Spooling For PET With 2040 Disk Drive
Tired of waiting for your slow (aren't they all?!) printer to output that long listing, letter, or whatever; so you can get back to playing STAR DREK? Well, why not let that "intelligent" peripheral (the 2040) help you out? In IBM-speak it's called ‘spooling’ : you send the print file out to some lesser entity (in this case, the Commodore 2040 floppy disk drive) and let the big-shot CPU get on with the important stuff—like balancing your checkbook(?).

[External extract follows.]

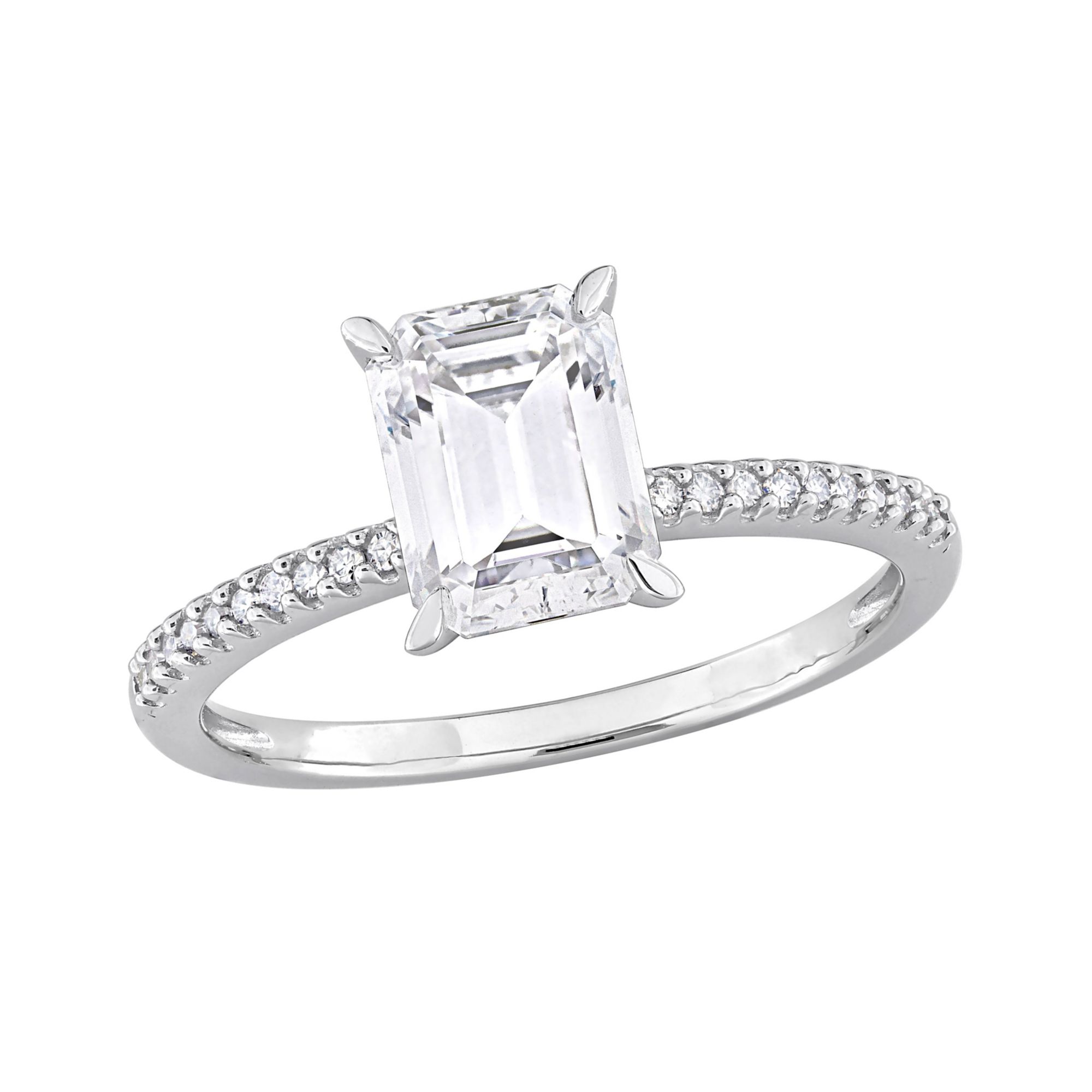 1.75 ct. DEW Emerald-cut Moissanite and 0.1 ct t.w. Diamond Ring in 14k White Gold

The idea is very simple, just tell the printer to ‘listen’ and the 2040 to ‘talk,’ and stand back so they can do their respective things. Of course, there are a couple preliminaries: you have to set up a disk file containing the image of the file you want printed and then tell the 2040 that's the file it's supposed to ‘talk.’ The first part is very easy—let's take a program listing, for example: You probably now do something like this
OPEN 4, 4 : CMD 4 : LIST PRINT #4,; : CLOSE 4
The only change necessary would be to open the output file to the disk with an appropriate filename, e.g.:
OPEN 4, 8, 8, "0 : ← any name →, S, W" : CMD 4 : LIST PRINT #4,; : CLOSE 4
and, in this case, DON'T FORGET TO CLOSE THE FILE or you may lose it entirely!

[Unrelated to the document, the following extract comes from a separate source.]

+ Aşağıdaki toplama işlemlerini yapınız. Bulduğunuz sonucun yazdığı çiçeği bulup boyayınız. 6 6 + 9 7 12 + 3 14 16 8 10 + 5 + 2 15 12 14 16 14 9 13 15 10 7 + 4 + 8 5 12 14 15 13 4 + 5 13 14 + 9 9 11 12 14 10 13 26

The next part is to tell the 2040 you want to access this file:
OPEN 4, 8, 8, "←whatever name you used→, S,R"
Now you're ready for ‘no hands’ hardcopy! First, you tell the 2040 to ‘talk’ the file you've just opened :
POKE 165, 72 : SYS 61668 : POKE 165, 104 : SYS 61668
To explain the above line: 165 is the address of the IEEE bus output character buffer. 72 (64 + 8) is the ‘talk’ address for device 8 (That's the 2040, unless you've changed the address jumpers). 104 (96 + 8) is the secondary address (or channel) corresponding to the second ‘8’ in the last OPEN statement above. And 61668 is the beginning of the ROM routine which outputs a command to the IEEE bus. This routine conveniently leaves the ATN line on the bus down, so the 2040 won't start ‘talking’ just yet.
Next you tell the printer (device #4 in this example) to ‘listen’ and you make the PET forget it was supposed to be sending its output to the IEEE bus :
OPEN 5,4 : CMD 5 : POKE 176, 3 : POKE 174, 0
At this point the 2040 will start ‘talking’; the printer, printing; and the PET will be ‘READY.’ for whatever you want—except you can't use the IEEE bus! Therefore, unless you're going to load from cassette (YUK!), you'd better LOAD whatever disk program file you need before executing the last two lines of ‘direct’ code above.
Finally, when the clatter over at the printer stops, you can close the open disk file (and turn off that pesky LED) either by re-initializing the drive or with the following:
OPEN 1, 8, 8 : CLOSE 1
Here, the important thing is to use the same secondary address as was used in the OPEN which accessed the disk file. Notice the filename is unnecessary.